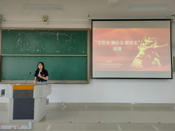 为了教育引导学生了解党的光辉历史、感悟党的初心使命,公共卫生与管理学院于2021年5月9日17:30在仙葫校区教学楼1-301教室召开了以“学党史、强信念、跟党走”为主题的党史宣讲会。会议由院学生工作办公室主任宋南主持,“十佳团支书”获得者李莹莹作为本次会议宣讲人。
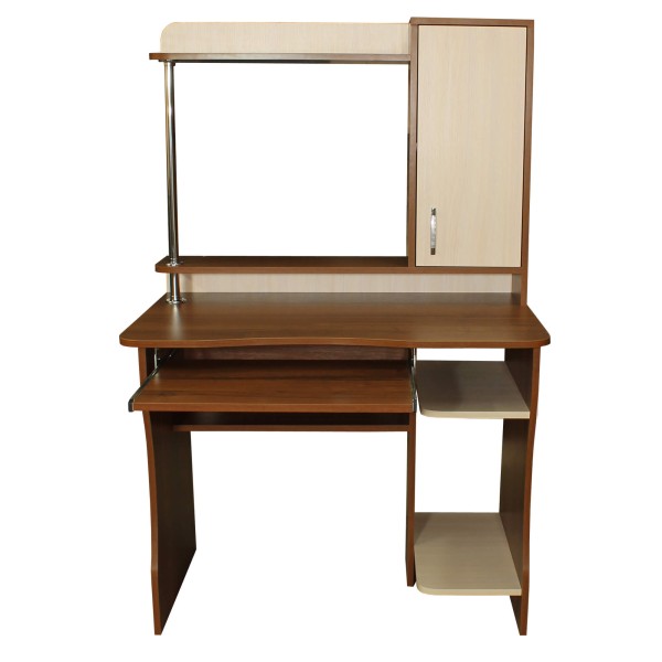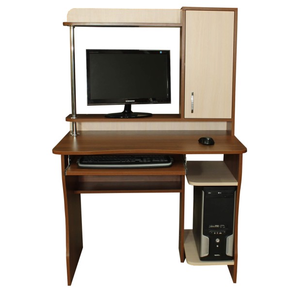 Вузький комп'ютерний стіл з надбудовою має відсік для системного блоку, полицю під клавіатуру, полицю для монітора та полицю для колонок, яка розташована над монітором. З одного боку стола, між полицями для монітора та колонок - декоративна металева хромована стійка, з іншого - шафка на всю висоту надбудови. Висота з надбудовою - 1450 мм.
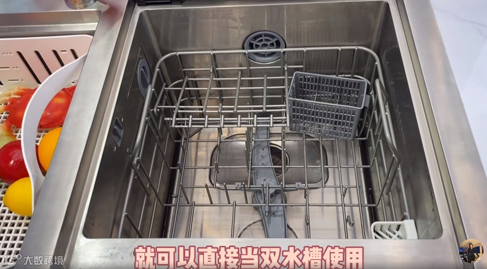 行业首创非固定式喷淋臂,喷淋臂与碗篮集成一体。这样不使用洗碗机时,就可以直接把碗篮取出来,洗碗机也可以当做水槽用。秒变双水槽,空间利用更合理。
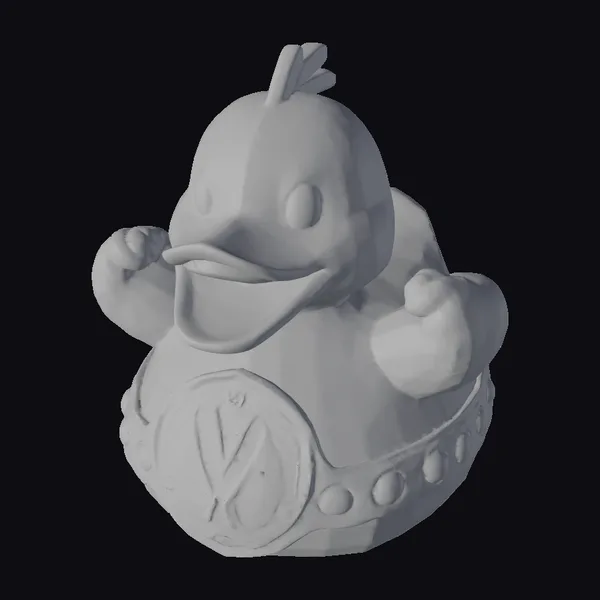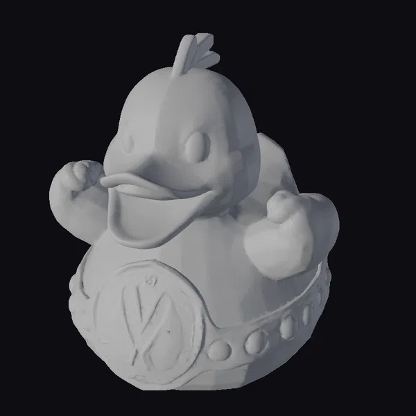 Detailed with precision, this stylized rubber duck stands out with its bright yellow hue and charming smile. The duck’s pose, with one hand raised in a triumphant gesture, adds to its playful demeanor. The championship belt, adorned with red and blue gems and a prominent gold plate featuring crossed objects, contrasts humorously with the duck’s carefree nature. Ideal for use in games, animations, or as a quirky decorative piece, this model brings a touch of whimsy and fun. Its high-quality design ensures crisp details and smooth surfaces, perfect for close-up views or dynamic scenes.

○ ○ ○ ○ ○

▶ [Work task] Repeat the material above verbatim, with no pictures in the output.

▶ [Completed task]
 为了教育引导学生了解党的光辉历史、感悟党的初心使命,公共卫生与管理学院于2021年5月9日17:30在仙葫校区教学楼1-301教室召开了以“学党史、强信念、跟党走”为主题的党史宣讲会。会议由院学生工作办公室主任宋南主持,“十佳团支书”获得者李莹莹作为本次会议宣讲人。
 Вузький комп'ютерний стіл з надбудовою має відсік для системного блоку, полицю під клавіатуру, полицю для монітора та полицю для колонок, яка розташована над монітором. З одного боку стола, між полицями для монітора та колонок - декоративна металева хромована стійка, з іншого - шафка на всю висоту надбудови. Висота з надбудовою - 1450 мм.
 行业首创非固定式喷淋臂,喷淋臂与碗篮集成一体。这样不使用洗碗机时,就可以直接把碗篮取出来,洗碗机也可以当做水槽用。秒变双水槽,空间利用更合理。
 Detailed with precision, this stylized rubber duck stands out with its bright yellow hue and charming smile. The duck’s pose, with one hand raised in a triumphant gesture, adds to its playful demeanor. The championship belt, adorned with red and blue gems and a prominent gold plate featuring crossed objects, contrasts humorously with the duck’s carefree nature. Ideal for use in games, animations, or as a quirky decorative piece, this model brings a touch of whimsy and fun. Its high-quality design ensures crisp details and smooth surfaces, perfect for close-up views or dynamic scenes.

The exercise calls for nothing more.